- [Problem details]
Here the requirement is to repeat every record exactly, in full.

- [Supplied records]

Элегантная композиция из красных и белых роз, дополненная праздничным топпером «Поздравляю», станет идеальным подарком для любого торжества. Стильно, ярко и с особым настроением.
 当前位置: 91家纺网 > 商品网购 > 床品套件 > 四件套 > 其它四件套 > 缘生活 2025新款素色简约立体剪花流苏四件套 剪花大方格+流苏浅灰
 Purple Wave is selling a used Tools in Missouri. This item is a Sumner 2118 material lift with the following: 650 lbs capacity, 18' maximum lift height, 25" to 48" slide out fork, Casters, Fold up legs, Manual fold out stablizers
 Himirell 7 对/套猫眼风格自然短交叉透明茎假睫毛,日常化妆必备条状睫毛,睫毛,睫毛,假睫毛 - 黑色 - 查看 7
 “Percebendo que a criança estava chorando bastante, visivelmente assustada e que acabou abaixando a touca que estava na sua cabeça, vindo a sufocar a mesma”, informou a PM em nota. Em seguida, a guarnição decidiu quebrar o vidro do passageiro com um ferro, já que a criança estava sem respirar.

- [Written reply]
Элегантная композиция из красных и белых роз, дополненная праздничным топпером «Поздравляю», станет идеальным подарком для любого торжества. Стильно, ярко и с особым настроением.
 当前位置: 91家纺网 > 商品网购 > 床品套件 > 四件套 > 其它四件套 > 缘生活 2025新款素色简约立体剪花流苏四件套 剪花大方格+流苏浅灰
 Purple Wave is selling a used Tools in Missouri. This item is a Sumner 2118 material lift with the following: 650 lbs capacity, 18' maximum lift height, 25" to 48" slide out fork, Casters, Fold up legs, Manual fold out stablizers
 Himirell 7 对/套猫眼风格自然短交叉透明茎假睫毛,日常化妆必备条状睫毛,睫毛,睫毛,假睫毛 - 黑色 - 查看 7
 “Percebendo que a criança estava chorando bastante, visivelmente assustada e que acabou abaixando a touca que estava na sua cabeça, vindo a sufocar a mesma”, informou a PM em nota. Em seguida, a guarnição decidiu quebrar o vidro do passageiro com um ferro, já que a criança estava sem respirar.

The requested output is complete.